The Vasundhara Raje government in Rajasthan has partnered with the private sector for running Primary Health Centres (PHCs) and sub-centres across the state. Rajasthan, which is geographically the largest state in India, has over 500 Community Health Centres, over 2,000 PHCs and over 13,000 sub-centres. Several PHCs, which are located in remote areas, are now being run on a PPP model. The terms of the PPP engagement are simple. While the state government will provide the necessary infrastructure, medicines, equipment and operational costs, the private operator would provide doctors, paramedics and other staff, free outpatient services and 24-hour emergency services. These PHCs are already reporting encouraging results as the improvement in cleanliness and availability of staff and medicines have led to a jump in the number of patients being treated.

The Rajasthan government has also launched a health insurance scheme to provide medical coverage of up to Rs 3 lakhs to each citizen and is expected to cover nearly 70% of the state’s population.

Health insurance is an area where PPP arrangements have been successful. The Yeshasvini Co-operative Farmer’s Healthcare Scheme, a PPP scheme involving Narayana Health and the Karnataka government, offers coverage of over 800 surgical procedures to farmers and their family members. Yeshasvini is one of the largest self-funded healthcare insurance schemes in the country. Neighboring Andhra Pradesh runs the Arogya Raksha Scheme in collaboration with the New India Assurance Company and with private clinics. The scheme, which is fully funded by the government, provides hospitalization benefits and personal accident benefits to citizens below the poverty line.
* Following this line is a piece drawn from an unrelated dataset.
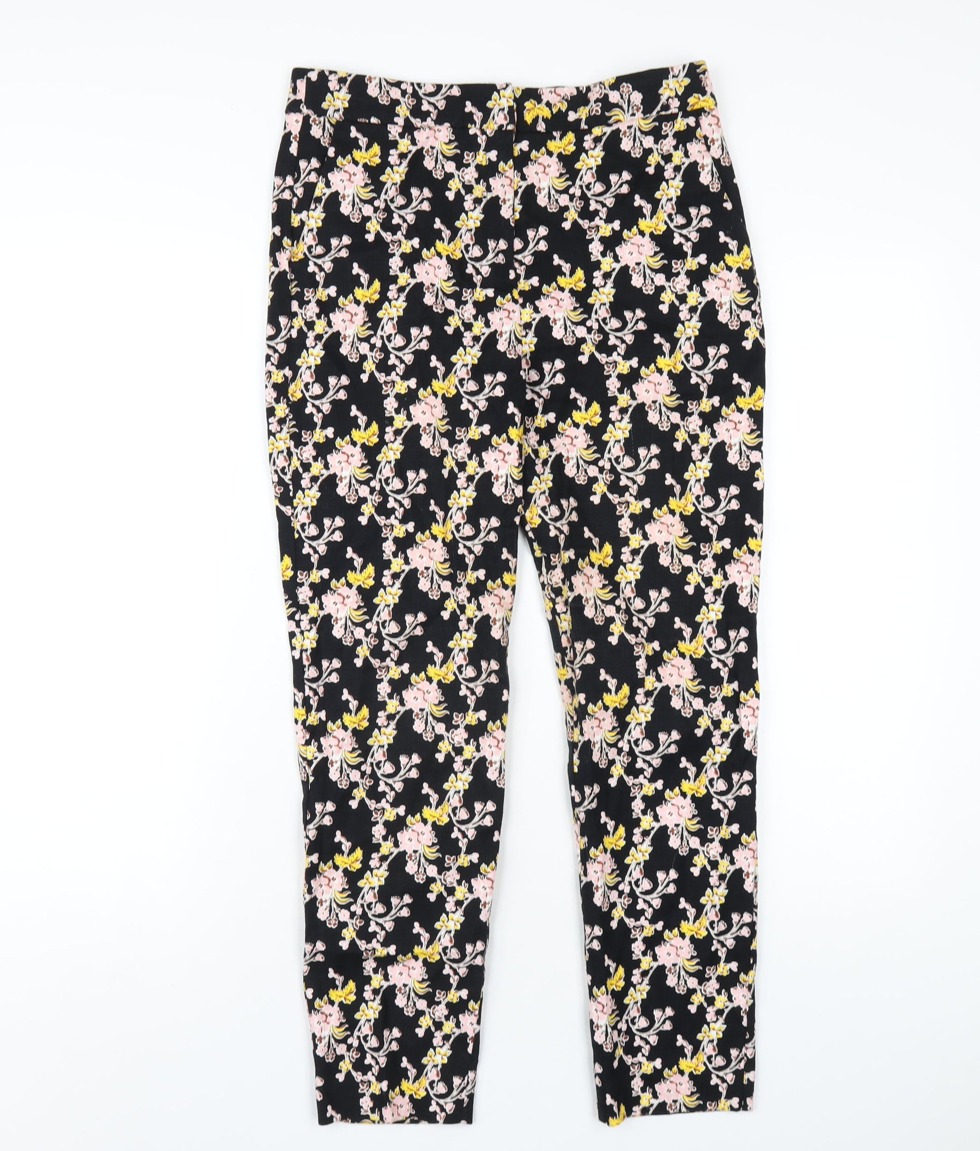 Topshop Womens Black Floral Cotton Trousers Size 10 L27 in Regular Zip

The new Companies Act of 2013 mandates corporates to spend 2% of their profits on CSR activities. The government can take this opportunity to partner with the private sector for taking healthcare delivery to the next level. It will lead to a huge improvement in healthcare delivery in India through a combination of good infrastructure, latest technology and the best available medical expertise. If PPPs are need based and customized to local circumstances, they clearly have the potential to drastically change the healthcare landscape in India.

PPPs can thus be a ‘win-win’ arrangement in which diverse actors with varied motivations and philosophies work together to contribute to the health of the people and the development of the country.